- Portrayed by: Susan Loughnane
- Duration: 2013–2014
- First appearance: 12 August 2013
- Last appearance: 3 January 2014
- Introduced by: Bryan Kirkwood

= Chloe (Hollyoaks) =

UK soap opera character (created 2013)

Chloe is a fictional character from the British soap opera Hollyoaks, played by Susan Loughnane. The character made her first on-screen appearance on 12 August 2013. Loughnane had to audition for the role. Initially appearing in a small number of episodes, Loughnane returned to film new storylines. Chloe is introduced into the show as the mother of Matthew McQueen. The character has earned a reputation as a "serial surrogate mother" from selling her babies. Chloe sold Matthew to John Paul McQueen (James Sutton) and Craig Dean (Guy Burnet). While on-screen she agrees to sell another baby to Sienna Blake (Anna Passey) and later Carmel McQueen (Gemma Merna). Chloe has featured in a same sex kiss with Tilly Evans (Lucy Dixon). Loughnane made her final appearance as Chloe during the episode broadcast on 3 January 2014.

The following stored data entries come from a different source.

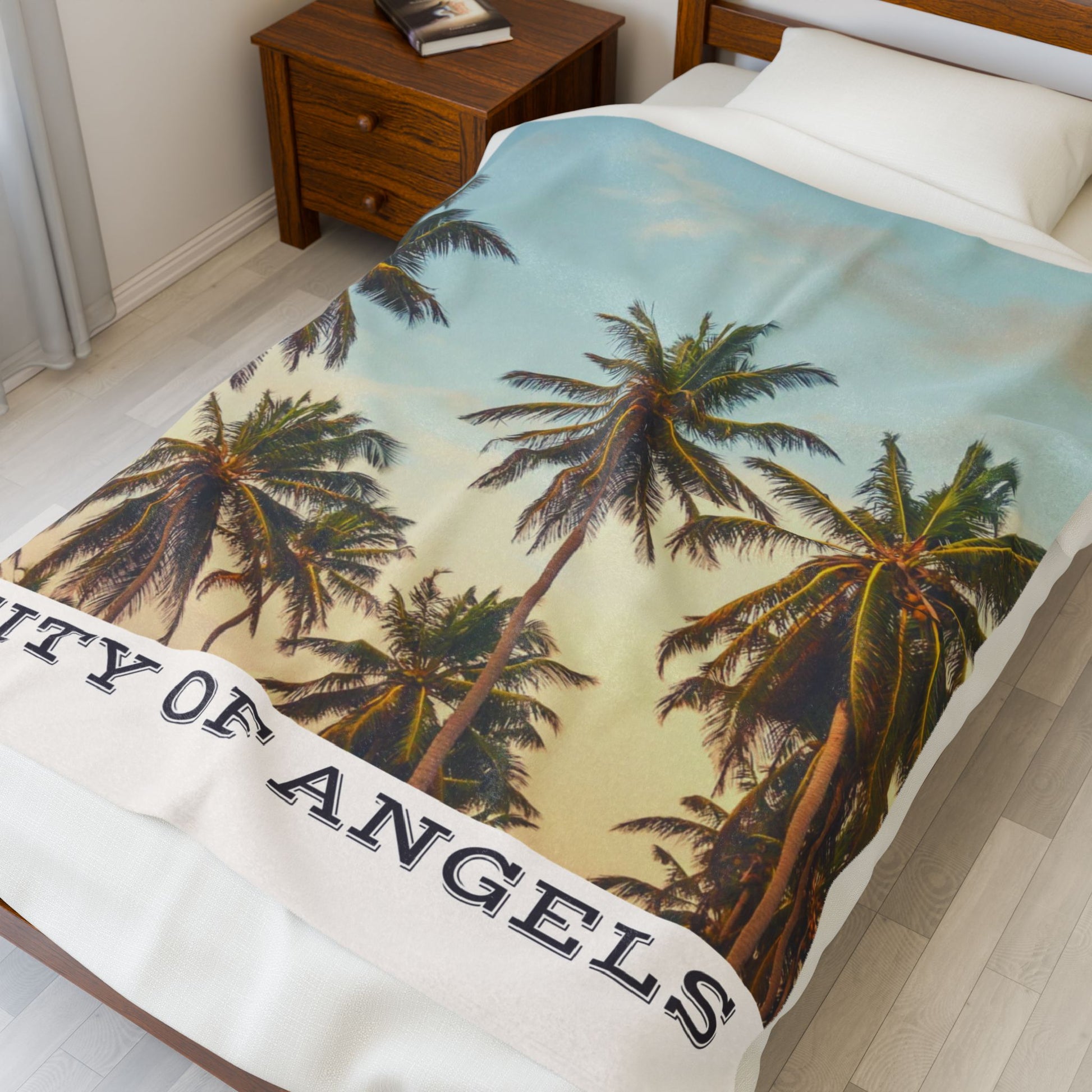 Cozy City of Angels Velveteen Plush Blanket, Soft Throw for Home, Beach Blanket, Travel Companion, Gift for Friends
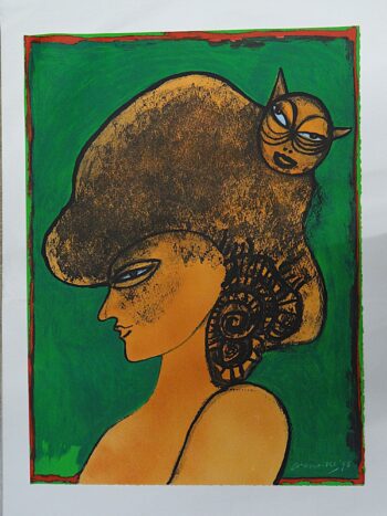 Guillaume Corneille, the woman with the cat, original signed lithograph, Dutch painter, portrait, extravagant woman, love of cats,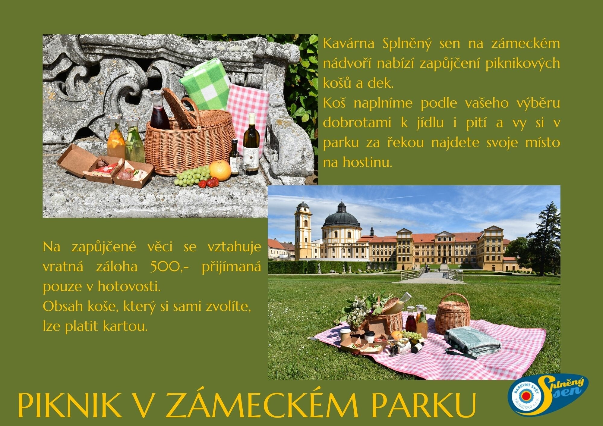 Kavárna Splněný sen se nachází přímo na nádvoří státního zámku Jaroměřice nad Rokytnou.

Chloe's behaviour has been the focus of critics. The Evening Herald's Eimear Rabbitte viewed Chloe as a troublemaker. Laura Morgan from Inside Soap said that she was a "crafty" female. Daniel Kilkelly from Digital Spy believed she has "history of erratic behaviour".

==Casting==
Irish actress Loughnane had to audition for part of Chloe. Later she had a chance meeting with fellow Irish and Hollyoaks actor Emmett J. Scanlan. Upon being chosen to play the role Loughnane remembered that she forgot to mention the Hollyoaks audition to Scanlan.

==Development==
Daniel Kilkelly from Digital Spy announced details of the character on 6 August 2013. He revealed that Chloe arrives in Hollyoaks to visit her son Matthew McQueen. She acted as a surrogate mother so John Paul McQueen (James Sutton) and Craig Dean (Guy Burnet) could begin a family. She pretends to want to visit Matthew, then reveals that she needs £5000. When John Paul refuses she threatens to take Matthew away claiming that Craig is the father. Sutton told Kilkelly that he enjoyed filming with Loughnane and they had fun working on the storyline. He detailed how Chloe and John Paul had become best friends while living in Ireland. They share a lot of history and he has previously been there to bail her out of money troubles. Chloe's first scenes were broadcast on 12 August 2013.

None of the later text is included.